DETROIT – Brad Stuart has been here before.
As a 20-year-old rookie in San Jose, Stuart and Gary Suter were the Sharks’ top-unit defensemen on the power play. After Suter left, Stuart was the No. 1 blue-liner in San Jose with the man-advantage, leading the team in 2003-04 with 3:52 of power-play ice time power game.
In Boston, in Los Angeles as recently as 2006-07, Stuart, who was the third overall draft pick in 1998, has been a power-play regular.
With Jason Williams out with a broken leg, Stuart will likely be back in the power-play rotation when the Red Wings take the ice in Columbus tomorrow (7 p.m., FSN).
Williams, a right-handed shooting forward who plays the point with the man-advantage, and Niklas Kronwall have been the Red Wings’ second blue-line combo. Nicklas Lidstrom and Brian Rafalski are on the top unit.
Williams has been one of the Red Wings' top power-play performers. He has been on the ice for 9.5 goals scored per 60 minutes of power-play ice time -- a figure that is tops among Detroit defensemen. The team averages 7.2 goals per 60 minutes of power-play time.
“We all know (Stuart) has got a great shot and he sees the ice real well,” said Kronwall. “He’ll fit in just perfect.”
Coach Mike Babcock said that Lidstrom, Rafalski and Kronwall will be rotated on the power play now, but that Stuart will be the next option when one of those three can’t man the blue line.
“He’s got the real hard shot,” said Babcock of Stuart. “He’s always played on the power play prior to coming here. We’ve just used him way more on the penalty-kill role and the physical-matchup role. We like him getting his minutes that way. But obviously when things change, things change. You’ve got to adjust.”
In 2005-06 with San Jose, Stuart averaged 4:57 of power-play time per game. That same season, he had a career high of seven power-play goals – one of four campaigns with at least five power-play goals for Stuart.

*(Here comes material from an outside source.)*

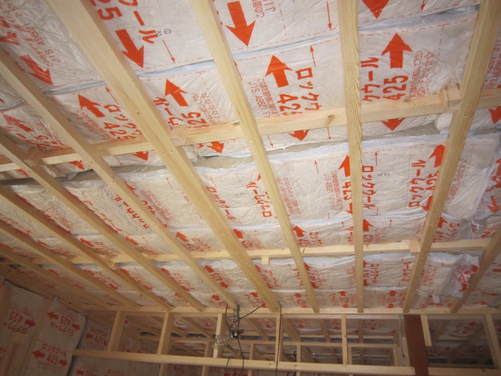 本日も内部造作は2名体制で遅れてました2階天井の100mmロックウール断熱材を入れ終えました。これで1、2階 共に断熱材作業終了です。
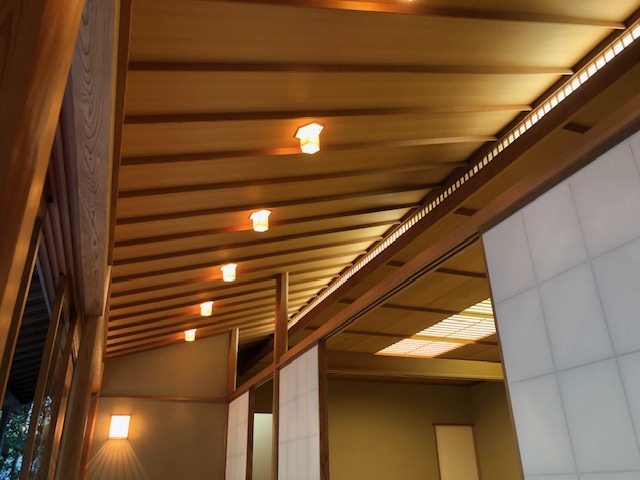 立礼席(椅子席)の天井を見上げると、まず目に飛び込んでくるのが六角形の照明です。

But Stuart’s role in Detroit has been quite different. He’s on the top penalty-kill unit and used as a physical, shut-down defenseman.
Last winter, Stuart was sixth among Detroit defensemen in power-play time per game, trailing forward Mikael Samuelsson and Derek Meech. This season, Stuart has averaged just 27 seconds of power-play ice time per game.
“Earlier in my career, sure, if I wasn’t playing the power play, I would have gotten more upset, let it affect me,” said Stuart. “But I’ve gotten to the point now where as long as I feel like I’m contributing and an important part of the team, I’ll do whatever they need me to do.”
And until Williams’ broken leg heals, there is a need on the power play.
“Certainly it’s fun playing the power play, but I’ve put my focus on other parts of my game getting better,” said Stuart. “I’ve really taken pride in killing penalties and just playing strong, physical defense. But any time you get a chance to be on the power play and get some time out there is nice. I’ve just accepted that that’s not what they need me to do here, so it’s not a big deal.”